[Stored data entries]
▬▬▬

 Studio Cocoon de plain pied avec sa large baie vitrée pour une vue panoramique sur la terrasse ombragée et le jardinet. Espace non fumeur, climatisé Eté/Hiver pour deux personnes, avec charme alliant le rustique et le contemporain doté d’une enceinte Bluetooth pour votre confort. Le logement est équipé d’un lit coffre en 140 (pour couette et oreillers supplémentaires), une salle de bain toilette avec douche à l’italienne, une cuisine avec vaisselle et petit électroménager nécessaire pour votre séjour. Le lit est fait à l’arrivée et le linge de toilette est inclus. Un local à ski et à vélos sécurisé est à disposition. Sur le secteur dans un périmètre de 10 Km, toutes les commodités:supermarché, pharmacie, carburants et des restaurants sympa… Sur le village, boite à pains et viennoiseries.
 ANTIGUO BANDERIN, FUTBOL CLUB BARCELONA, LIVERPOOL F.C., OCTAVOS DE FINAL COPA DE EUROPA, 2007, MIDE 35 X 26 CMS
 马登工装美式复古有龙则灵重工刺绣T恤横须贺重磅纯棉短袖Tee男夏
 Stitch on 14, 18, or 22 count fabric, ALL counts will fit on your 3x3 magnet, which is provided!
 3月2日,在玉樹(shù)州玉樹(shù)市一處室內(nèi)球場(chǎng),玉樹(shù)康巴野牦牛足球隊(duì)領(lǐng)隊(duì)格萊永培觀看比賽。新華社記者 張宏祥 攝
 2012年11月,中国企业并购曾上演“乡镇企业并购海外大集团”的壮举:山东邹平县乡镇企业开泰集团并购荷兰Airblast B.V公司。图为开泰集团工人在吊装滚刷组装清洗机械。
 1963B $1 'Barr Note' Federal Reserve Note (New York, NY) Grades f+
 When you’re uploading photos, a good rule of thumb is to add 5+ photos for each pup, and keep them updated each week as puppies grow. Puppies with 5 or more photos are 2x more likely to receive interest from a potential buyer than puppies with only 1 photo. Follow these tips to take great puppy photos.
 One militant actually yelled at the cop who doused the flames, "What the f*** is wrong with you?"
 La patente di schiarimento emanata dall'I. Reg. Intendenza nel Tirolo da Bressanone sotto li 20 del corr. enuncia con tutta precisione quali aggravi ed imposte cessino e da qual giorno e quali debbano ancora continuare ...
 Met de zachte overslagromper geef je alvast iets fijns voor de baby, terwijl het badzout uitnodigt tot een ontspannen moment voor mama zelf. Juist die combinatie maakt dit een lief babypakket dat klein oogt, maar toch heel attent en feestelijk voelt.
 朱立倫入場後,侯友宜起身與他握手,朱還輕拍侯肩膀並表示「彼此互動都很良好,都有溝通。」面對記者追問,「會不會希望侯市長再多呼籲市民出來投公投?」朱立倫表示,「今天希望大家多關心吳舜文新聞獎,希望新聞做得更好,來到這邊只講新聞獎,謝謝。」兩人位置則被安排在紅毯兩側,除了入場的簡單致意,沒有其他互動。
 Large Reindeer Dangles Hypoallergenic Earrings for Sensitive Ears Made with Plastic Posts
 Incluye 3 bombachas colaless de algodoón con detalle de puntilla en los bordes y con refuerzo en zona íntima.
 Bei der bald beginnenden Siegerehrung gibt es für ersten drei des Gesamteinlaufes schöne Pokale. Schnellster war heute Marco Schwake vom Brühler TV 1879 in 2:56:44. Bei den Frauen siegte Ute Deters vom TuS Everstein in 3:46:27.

▬▬▬

Read the entries and select each line where the word "with" is found.

 When you’re uploading photos, a good rule of thumb is to add 5+ photos for each pup, and keep them updated each week as puppies grow. Puppies with 5 or more photos are 2x more likely to receive interest from a potential buyer than puppies with only 1 photo. Follow these tips to take great puppy photos.
 One militant actually yelled at the cop who doused the flames, "What the f*** is wrong with you?"
 Large Reindeer Dangles Hypoallergenic Earrings for Sensitive Ears Made with Plastic Posts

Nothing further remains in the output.